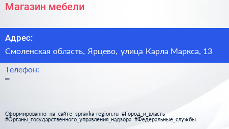 Магазин мебели по адресу Смоленская область, Ярцево, улица Карла Маркса, 13 в дальнейшем Организация, размещена в следующих категориях:
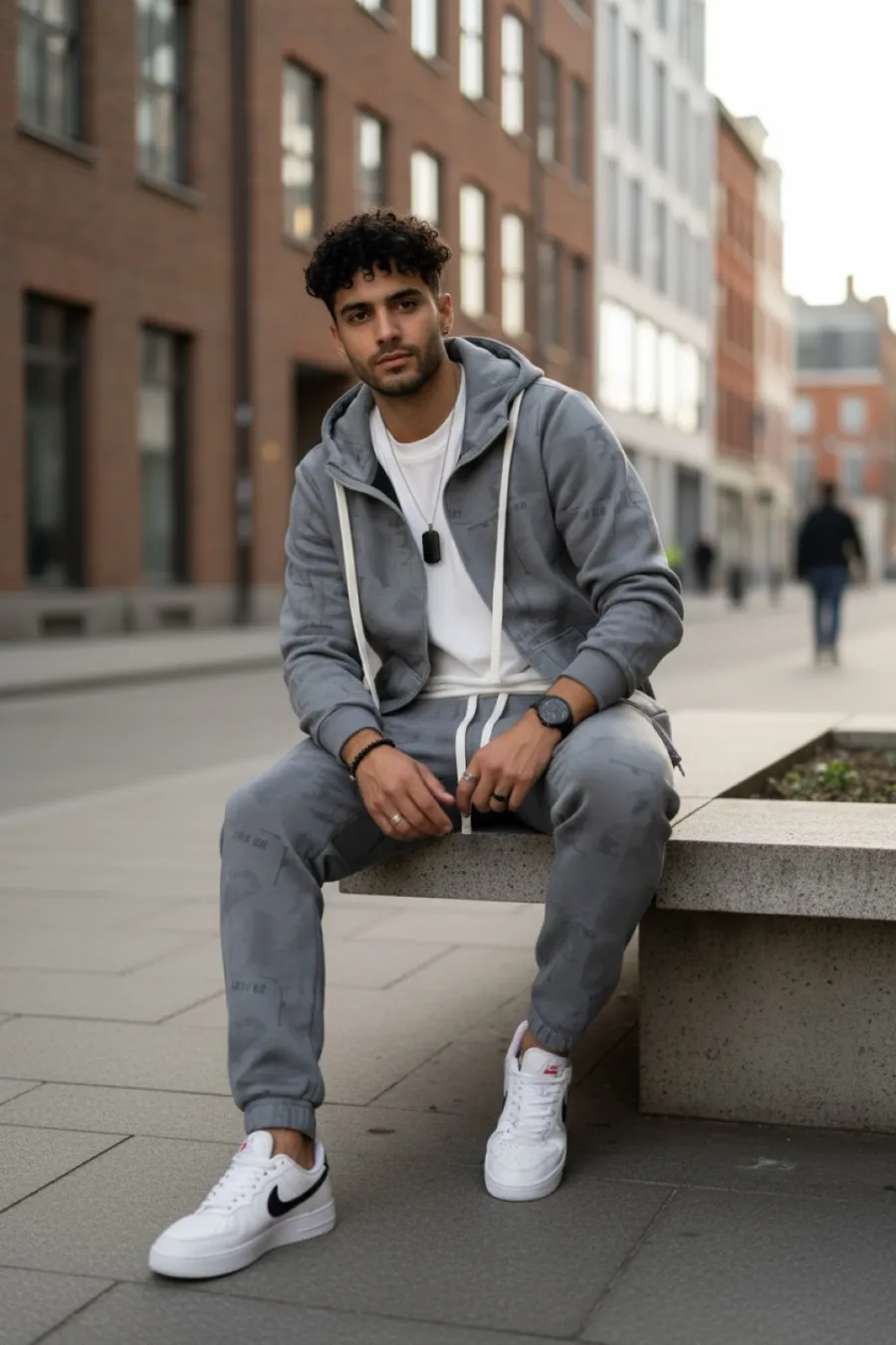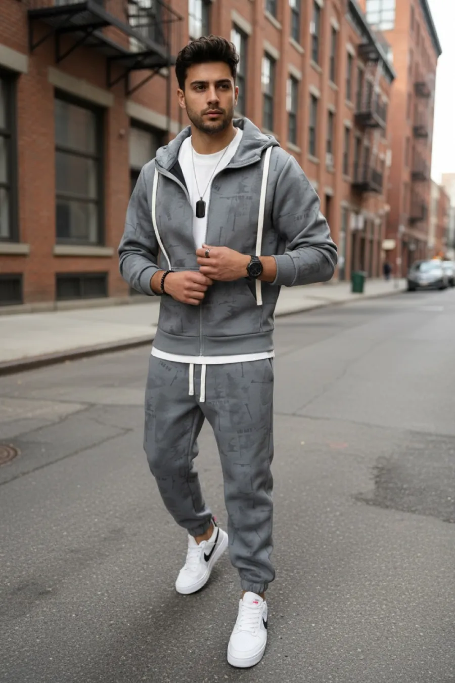 Trening barbati slim fit gri, Pantaloni + hanorac 167 32-2.1
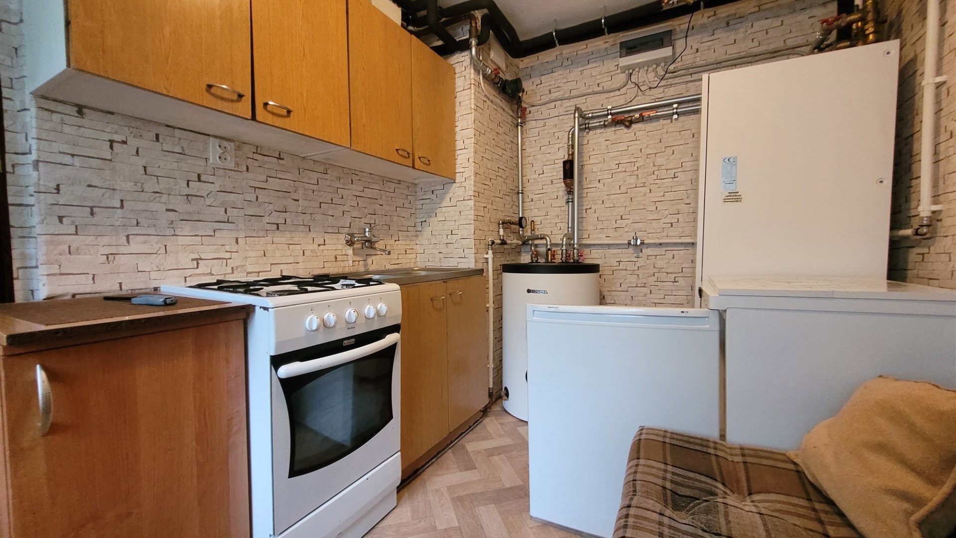 Pierwsza część (do generalnego remontu): kuchnia, łazienka, pokój oraz korytarz,
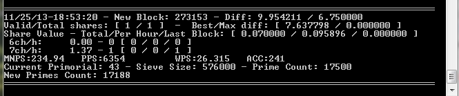 <Up arrow key> - Increment Prime Count by 1 <Down arrow key> - Decrement Prime Count by 1 <Left arrow key> - Decrement Prime Count by 1000 <Right arrow key> - Increment Prime Count by 1000 <S> - Print current settings <R> - Reset all statistics <T> - Enable/Disable Auto tuning <[> - Decrement Primorial Multiplier <]> - Increment Primorial Multiplier <-> - Decrement Sieve size <+> - Increment Sieve size И еще хотел спросить, как можно посмотреть всю статистику своего солопула? Возможно ли это? И где вы смотрите логи клиента? Вот так у меня показывает, все верно? http://www.freeimagehosting.net/newuploads/i35w2.png Title: Re: [XPM] [ANN] Primecoin Post by: qqqq on January 25, 2014, 07:26:49 AM Это че получается первая же шара была "блочная" )) ? А где же 6ch 7ch 8ch и т д, кстати сколько майнер работал до этой шары? Орфан это когда нашел ты шару "нужной" сложности и какой-то чувак в это же время (пока еще не нашел кто-то следующий блок), но цепочка подтвердилась следующим блоком первая у него, а не у тебя. От его кошелька же тоже инфу о найденом им блоке получают люди, но совсем другие, нежели от твоего. Тут просто все зависит от везения, ничего не поделаешь. Я майнил соло, а не на пуле, потому и 6ch,7ch и т.д. шары нафик не нужны (на пулах они нужны для распределения куша среди участников). Если заметил, наверху есть такое: Diff: 10.437680 / 10.437680 (на пулах обычно Diff: 10.437680 / 7 ), то есть учитывается сложность не меньше нынешней сложности сети. тогда как при пулах оно обычно от 7-и и выше(указывается пулом). Майнер проработал около трое суток чтобы найти шару, сейчас вот опять прошло почти трое суток, жду чтоб капнуло :) Ну про орфанед я так и написал, то есть с этим разобрались, также и с фактом что в моём случае это был не орфанед. Не знаю что у тебя за майнер, но мой в соло показывает все шары включая наименьшие (полнятно что для блока они не нужны но они должны быть в любом случае), значит какой-то косяк с майнером. Например вот http://s9.postimg.org/gy16u1sjz/image.jpg Баба Ванга предполагает что у тебя обычный майнер для пула, не модифицированный. Вполне допускаю что у меня не то (у меня пока всё в тестовом режиме). Каким майнером пользуешься? Дай ссыль. Надеюсь есть под линуксом, или хотя бы исходники. И какие настройки указываешь? У меня под винду, мод называется jhPrimeminer_RdBBeta4.0E3_x64 (кажется уже давно вышел обновленный, но что-то ссылки сложно стало найти на него, все похерилось с постов в шапке там где выкладывали), строка Code: jhPrimeMiner.exe -o 192.168.0.1:1234 -u 1234 -p 1234 -t 6 -s 2000000 http://speedy.sh/MnHuA/jhPrimeminer-RdBBeta4.0E3-x64.zip А выкладывали на дропбокс из шапки тут https://bitcointalk.org/index.php?topic=257623.0 Хм, а разве в соло, ты не должен указать кошелёк куда засылать монетки за найденный блок? То есть добавить в конце опцию -xpm , то есть чтобы получилось что-то вроде Quote jhprimeMiner -o 127.0.0.1 -u user -p password -xpm AVAG2RUySDd7vvJ96jN11JdkoZqXRawVpb -t 6 -s 2000000 Майнер которым майню походу содержит патчи RdB-ветки(jhprimeMiner от jrovins), так что думаю тут я на правильном пути. Лазил по форумам, народ вроде говорит что так и должно быть, как у меня, всё по нулям, и показывать только когда найден блок. Думаю тут уже зависит от разработчиков модов, кому как нравится чтобы было :)Ловил блоки (правда давно) и без указания адреса, сейчас среднее время нахождения блока около месяца для core i7 2600 (3.9 Ghz). Title: Re: [XPM] [ANN] Primecoin Post by: PhaNtomsss on January 25, 2014, 09:10:45 AM Ну короче настроил сеть из 10 компов на соло майнинг. На пуле они майнили 5 монет в сутки. Посмотрим, что будет в соло.
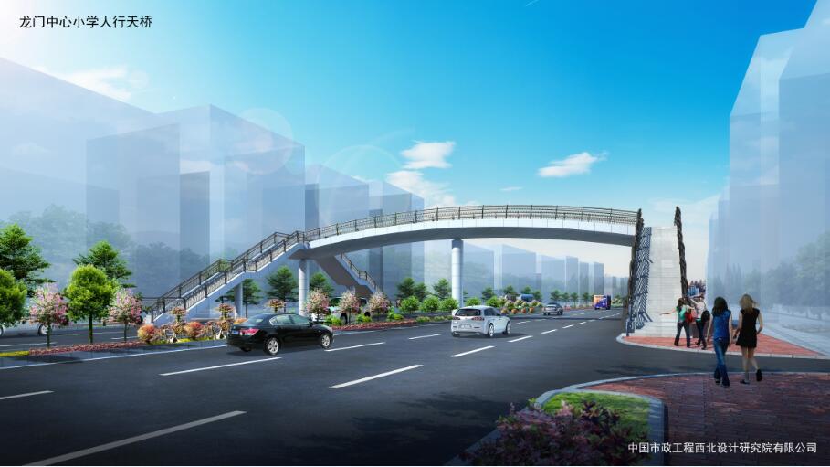 龍門中心小學(xué)人行天橋位于羅龍西路龍門中心小學(xué)西側(cè)約80米,主梁采用鋼箱型連續(xù)梁,腹板為圓弧形,主梁全長33.8米,寬4米。梯道坡度1:2,長16.9米、寬米,中間設(shè)置緩步平臺(tái)。總投資約400萬元。
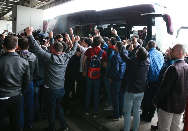 Terminal içerisinde bulunan taraftarlar oyuncular ile hatıra fotoğrafı çektirdi. Takım otobüsü ile havalimanından ayrılan kafile konaklayacağı otele hareket etti.
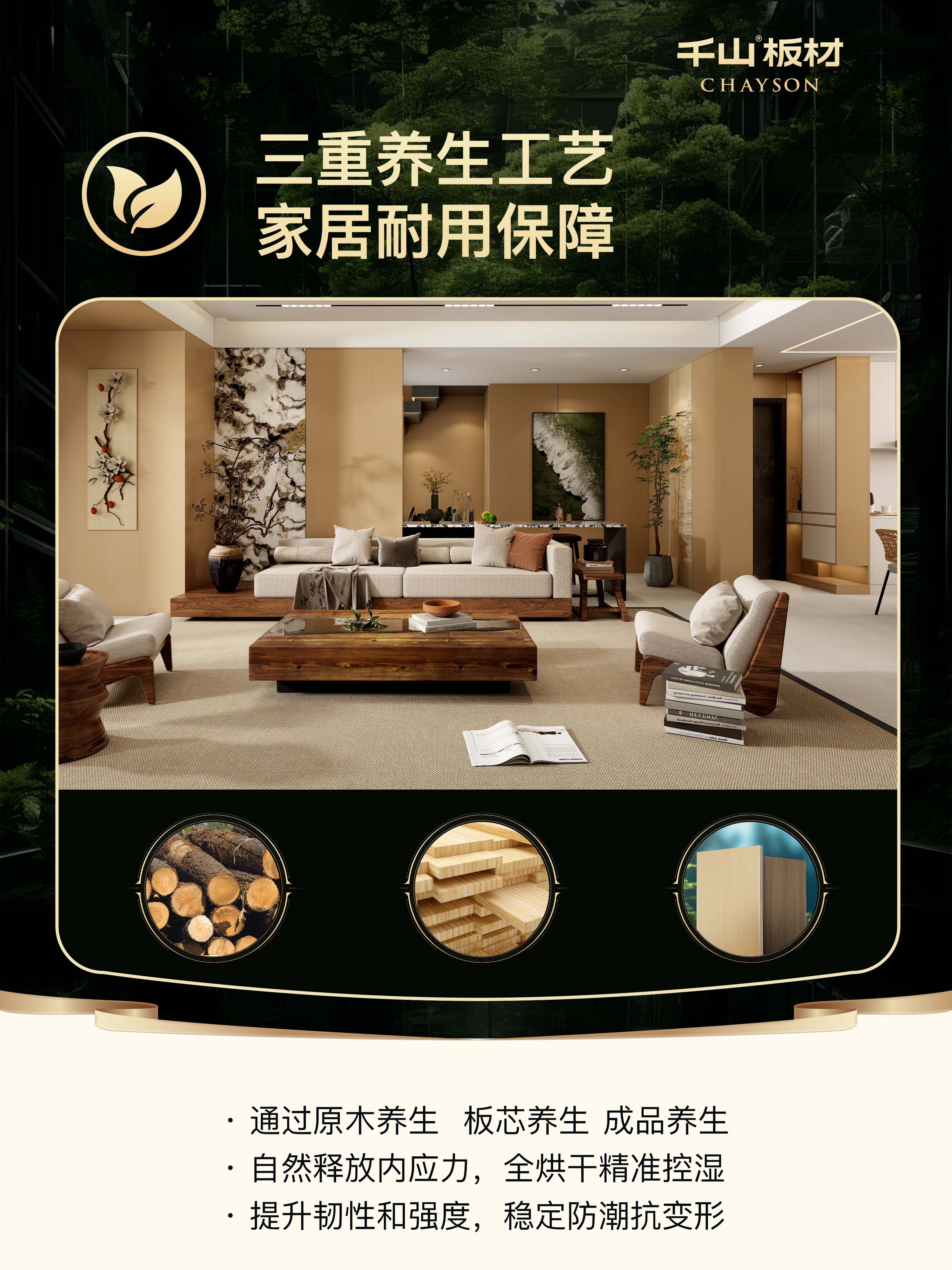 天然原木感,藏著性能穩定的安心,鑄就高端實木品質。千山原木板,定格美好家居,開啟質感生活新風尚。歡迎當地專賣店鑒賞咨詢!
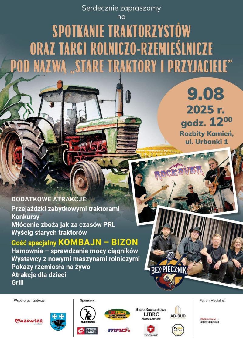 W Rozbitym Kamieniu, w gminie Bielany, odbędzie się Spotkanie Traktorzystów oraz Targi Rolniczo-Rzemieślnicze „Stare Traktory i Przyjaciele” – wyjątkowa atrakcja dla miłośników rolnictwa, zabytkowych maszyn i dobrej zabawy. Impreza zaplanowana jest na 9 sierpnia.

^^^^^^^^

§ **Description of the task**
Without changing a word, retype the data above and omit its pictures.

§ **Exercise solution**
 Магазин мебели по адресу Смоленская область, Ярцево, улица Карла Маркса, 13 в дальнейшем Организация, размещена в следующих категориях:
 Trening barbati slim fit gri, Pantaloni + hanorac 167 32-2.1
 Pierwsza część (do generalnego remontu): kuchnia, łazienka, pokój oraz korytarz,
 <Up arrow key> - Increment Prime Count by 1 <Down arrow key> - Decrement Prime Count by 1 <Left arrow key> - Decrement Prime Count by 1000 <Right arrow key> - Increment Prime Count by 1000 <S> - Print current settings <R> - Reset all statistics <T> - Enable/Disable Auto tuning <[> - Decrement Primorial Multiplier <]> - Increment Primorial Multiplier <-> - Decrement Sieve size <+> - Increment Sieve size И еще хотел спросить, как можно посмотреть всю статистику своего солопула? Возможно ли это? И где вы смотрите логи клиента? Вот так у меня показывает, все верно? http://www.freeimagehosting.net/newuploads/i35w2.png Title: Re: [XPM] [ANN] Primecoin Post by: qqqq on January 25, 2014, 07:26:49 AM Это че получается первая же шара была "блочная" )) ? А где же 6ch 7ch 8ch и т д, кстати сколько майнер работал до этой шары? Орфан это когда нашел ты шару "нужной" сложности и какой-то чувак в это же время (пока еще не нашел кто-то следующий блок), но цепочка подтвердилась следующим блоком первая у него, а не у тебя. От его кошелька же тоже инфу о найденом им блоке получают люди, но совсем другие, нежели от твоего. Тут просто все зависит от везения, ничего не поделаешь. Я майнил соло, а не на пуле, потому и 6ch,7ch и т.д. шары нафик не нужны (на пулах они нужны для распределения куша среди участников). Если заметил, наверху есть такое: Diff: 10.437680 / 10.437680 (на пулах обычно Diff: 10.437680 / 7 ), то есть учитывается сложность не меньше нынешней сложности сети. тогда как при пулах оно обычно от 7-и и выше(указывается пулом). Майнер проработал около трое суток чтобы найти шару, сейчас вот опять прошло почти трое суток, жду чтоб капнуло :) Ну про орфанед я так и написал, то есть с этим разобрались, также и с фактом что в моём случае это был не орфанед. Не знаю что у тебя за майнер, но мой в соло показывает все шары включая наименьшие (полнятно что для блока они не нужны но они должны быть в любом случае), значит какой-то косяк с майнером. Например вот http://s9.postimg.org/gy16u1sjz/image.jpg Баба Ванга предполагает что у тебя обычный майнер для пула, не модифицированный. Вполне допускаю что у меня не то (у меня пока всё в тестовом режиме). Каким майнером пользуешься? Дай ссыль. Надеюсь есть под линуксом, или хотя бы исходники. И какие настройки указываешь? У меня под винду, мод называется jhPrimeminer_RdBBeta4.0E3_x64 (кажется уже давно вышел обновленный, но что-то ссылки сложно стало найти на него, все похерилось с постов в шапке там где выкладывали), строка Code: jhPrimeMiner.exe -o 192.168.0.1:1234 -u 1234 -p 1234 -t 6 -s 2000000 http://speedy.sh/MnHuA/jhPrimeminer-RdBBeta4.0E3-x64.zip А выкладывали на дропбокс из шапки тут https://bitcointalk.org/index.php?topic=257623.0 Хм, а разве в соло, ты не должен указать кошелёк куда засылать монетки за найденный блок? То есть добавить в конце опцию -xpm , то есть чтобы получилось что-то вроде Quote jhprimeMiner -o 127.0.0.1 -u user -p password -xpm AVAG2RUySDd7vvJ96jN11JdkoZqXRawVpb -t 6 -s 2000000 Майнер которым майню походу содержит патчи RdB-ветки(jhprimeMiner от jrovins), так что думаю тут я на правильном пути. Лазил по форумам, народ вроде говорит что так и должно быть, как у меня, всё по нулям, и показывать только когда найден блок. Думаю тут уже зависит от разработчиков модов, кому как нравится чтобы было :)Ловил блоки (правда давно) и без указания адреса, сейчас среднее время нахождения блока около месяца для core i7 2600 (3.9 Ghz). Title: Re: [XPM] [ANN] Primecoin Post by: PhaNtomsss on January 25, 2014, 09:10:45 AM Ну короче настроил сеть из 10 компов на соло майнинг. На пуле они майнили 5 монет в сутки. Посмотрим, что будет в соло.
 龍門中心小學(xué)人行天橋位于羅龍西路龍門中心小學(xué)西側(cè)約80米,主梁采用鋼箱型連續(xù)梁,腹板為圓弧形,主梁全長33.8米,寬4米。梯道坡度1:2,長16.9米、寬米,中間設(shè)置緩步平臺(tái)。總投資約400萬元。
 Terminal içerisinde bulunan taraftarlar oyuncular ile hatıra fotoğrafı çektirdi. Takım otobüsü ile havalimanından ayrılan kafile konaklayacağı otele hareket etti.
 天然原木感,藏著性能穩定的安心,鑄就高端實木品質。千山原木板,定格美好家居,開啟質感生活新風尚。歡迎當地專賣店鑒賞咨詢!
 W Rozbitym Kamieniu, w gminie Bielany, odbędzie się Spotkanie Traktorzystów oraz Targi Rolniczo-Rzemieślnicze „Stare Traktory i Przyjaciele” – wyjątkowa atrakcja dla miłośników rolnictwa, zabytkowych maszyn i dobrej zabawy. Impreza zaplanowana jest na 9 sierpnia.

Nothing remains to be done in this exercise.